Last night, we saw the film Morvern Callar. The title is the name of the main character. At one point, soon after she checks into a hotel in Andalucia, an American employee comes by to greet her and her roommate. He's reading their names off a printout and is simply incapable of getting 'Morvern' right, no matter how hard Morvern's friend tries to correct him. (Admittedly, her dense Glaswegian does not make her the most helpful informant.) Since it's a British film, those Americans with a persecution complex could take this as just another swipe at "stupid Yanks". But I've seen an identical scene played out so many times IRL that it didn't strike me as the least bit false or gratuitous.

Maybe I'm being unfair and maybe other cultures are as bad as we are with unfamiliar names, but that hasn't been my experience so far. I don't think is a question of exposure, intention, or cultural insensitivity, since we have all of those in spades.

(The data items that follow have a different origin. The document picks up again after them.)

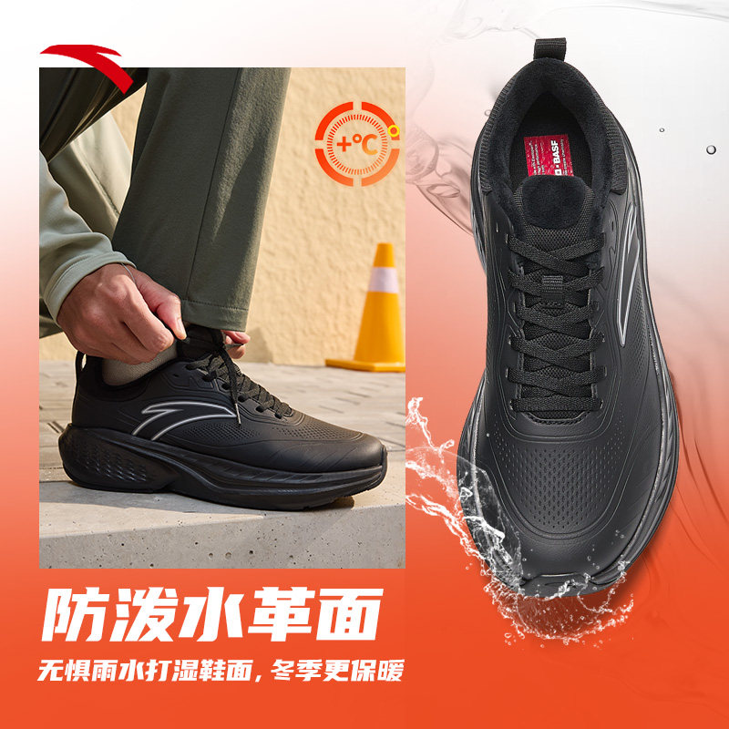 311线报网描述:安踏云途跑鞋男鞋皮面加绒保暖鞋男运动鞋子
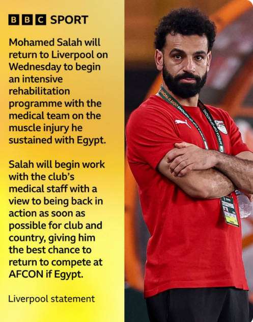 萨拉赫受伤提前离开了,目前回到了利物浦。本场埃及需要赢球出线,两
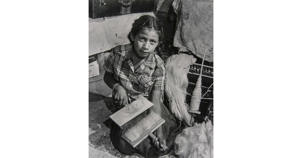 • A black-and-white print of a young woman sitting in a chair with her back mostly to the viewer, while sewing something in her lap.
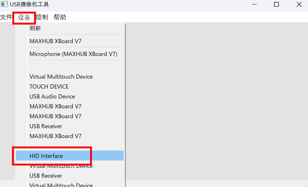 4.上部左から2番目のタブをタップし、HID Interfaceをタップします。
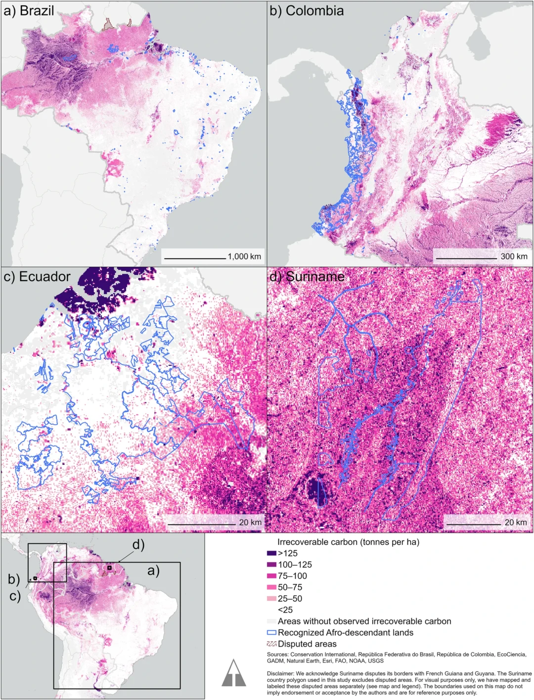 Mapas do estudo mostram concentração de biodiversidade (á esquerda) e carbono irrecuperável nas terras quilombolas pesquisadas. Imagens: Afro-descendant lands in South America contribute to biodiversity conservation and climate change mitigation. Commun Earth Environ 6, 458 (2025).
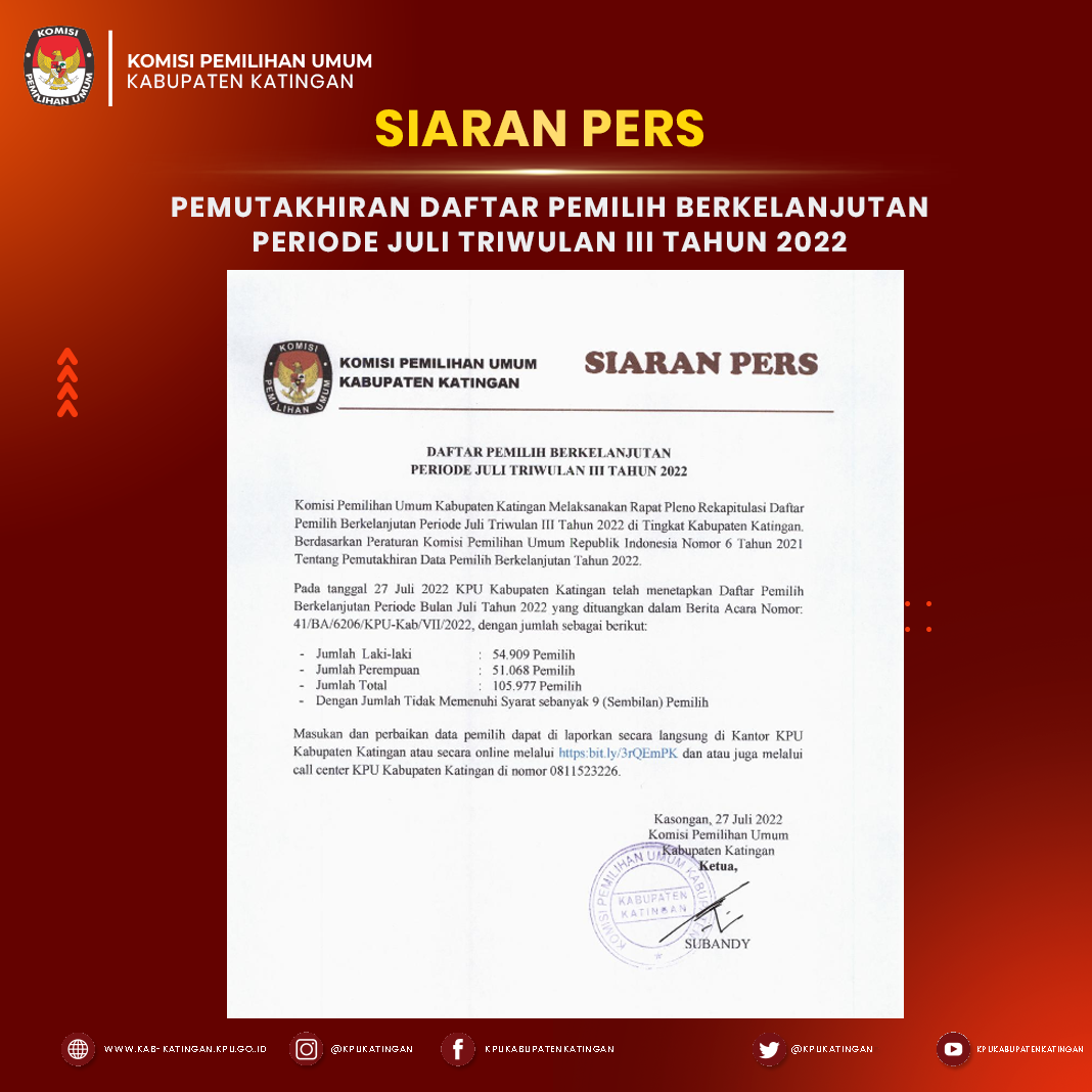 1. Siaran Pers tentang Pemutakhiran Daftar Pemilih Berkelanjutan Periode Bulan Juli Tahun 2022
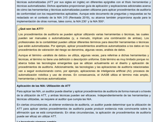 Material de apoyo no obligatorio: Utilización de herramientas y técnicas automatizadas para identificar riesgos de incorrección material de conformidad con la NIA 315 (Revisada) International Standards December 3, 2021 • iaasb.org
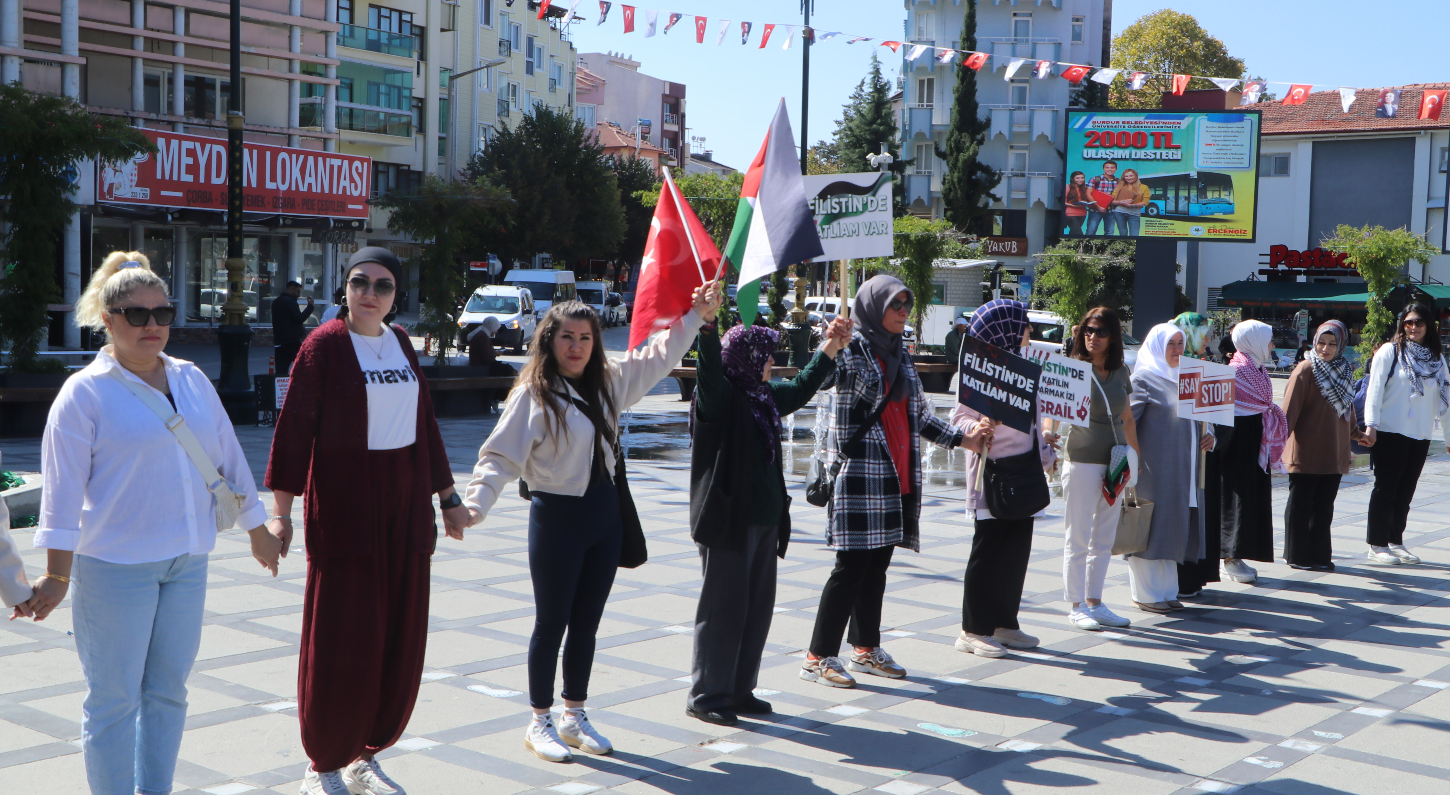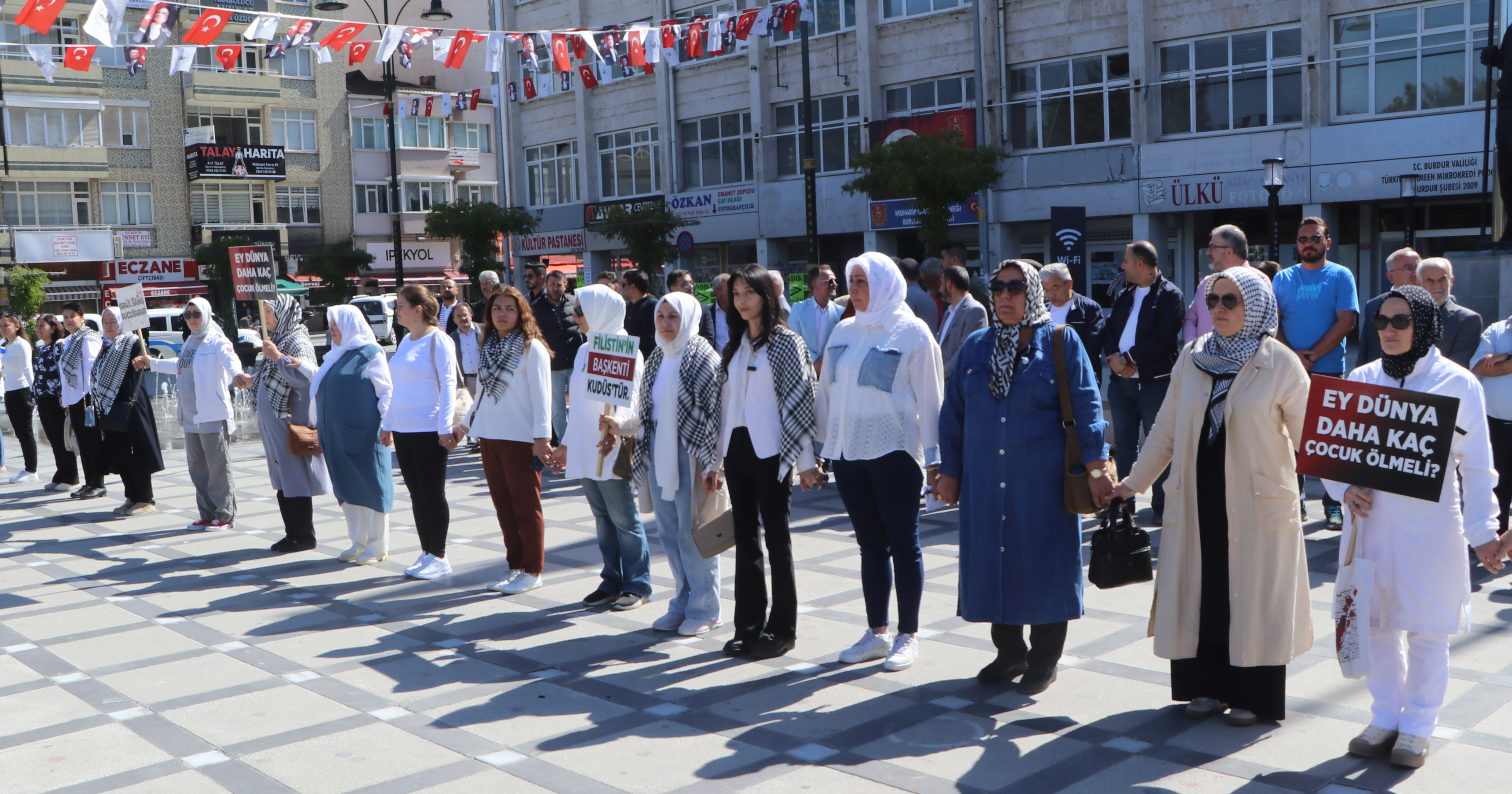 Cumhuriyet Meydanı'ndaki eyleme AK Parti İl Başkanı Mustafa Özboyacı, Merkez İlçe Başkanı Hüseyin Okan, belediye meclis üyeleri, il genel meclisi üyeleri ile partililer katıldı. Eylemde basın bildirisini okuyan AK Parti Kadın Kolları Başkanı Cennet Özalp Tanrıöver, "Bugün kadınlar olarak Gazze'nin sessiz çığlığına ses olmak için el ele verdiğimizi tüm dünyaya göstermek adına meydanlardayız. Bugün 81 ilde kurduğumuz bu zincir, Gazze'de evlatlarını kaybeden anne- babaların zinciridir. Öksüz- yetim bırakılan çocukların zinciridir ve insanlığını kaybetmeyen herkesin zinciridir. Biz 'Yaralıları mı kurtaracaktım, şehitleri mi taşıyacaktım ya da bir torba un mu bulmaya çalışacaktım? Yemin ederim eve tek bir torba un getirip, çocuklarımın karnının doyacağını bilsem, ölüme razı olurum' diyen Gazzeli annenin sesi olmak için, bu sesi dünyaya duyurmak için buradayız" dedi. Açıklamanın ardından eylem sona erdi.
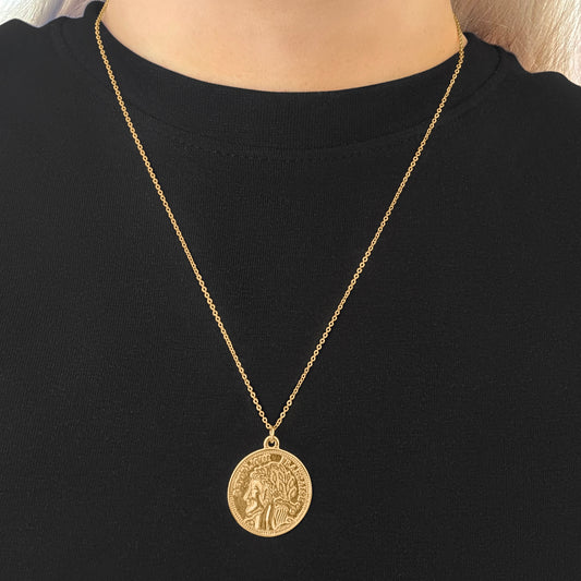 18k Gold-Plated French Coin Pendant on chain
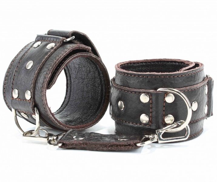Кожаные наручники потрясающего коричневого цвета.Украшены заклепками и соединяются между собой цепью с карабинами. Размер наручников регулируется при помощи застежки-липучки Ширина - 5 см.
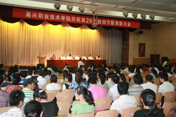 9月9日下午,全體教職員工齊聚二號樓報告廳,共慶自己的節(jié)日。嘉興市副市長柴永強出席了表彰大會。
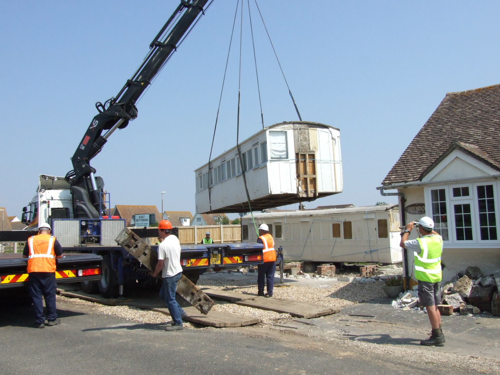The next five photos (above, left and below) show the LBSCR carriage, after removal of the overall roof, and the during the lift onto the flat-bed lorry.

Fortunately, there's a convenient scapegoat in our educational system. I'm a partisan of phonics and I think a great deal of trouble could be saved if more people had been taught to sound out strange sequences of letters bit by bit.

But they weren't; they were taught to guess. And it shows. For example, in the film, the greeter keeps returning to forms like "Merville". There's clearly no l anywhere in the name, but he's familiar with many names ending in -ville and none ending in -vern, he sees a v, so he just supplies the rest of the syllable reflexively. My name contains a (Low) German element meaning "bridge" which has several letters in common with the much more frequent element meaning "mountain". So people constantly guess wrong.

I also suppose embarrassment contributes to confusion. Most people realise that it's somewhat insulting to mangle someone's name, so they try earnestly to guess correctly in one or two tries, getting so flustered in the process that they ignore cues. It's ironic: They want to nail the pronunciation quickly, so they don't slow down and sound it out or repeat after the speaker. The result is that they still don't have it right after half-a-dozen attempts.

Greater knowledge of foreign languages would help as well, but I know that's entirely wishful thinking. I don't mean that if everyone knew French they'd get French names right. Just learning another language well, whatever it is, teaches you that simply because words or sounds seem similar, it doesn't mean they're the same. There's plenty of bad language instruction out there, but good teachers get their students to learn to listen.

So is there any hope? I don't think so, not in this postliterate world. Why do you think I chose the nickname "Da"?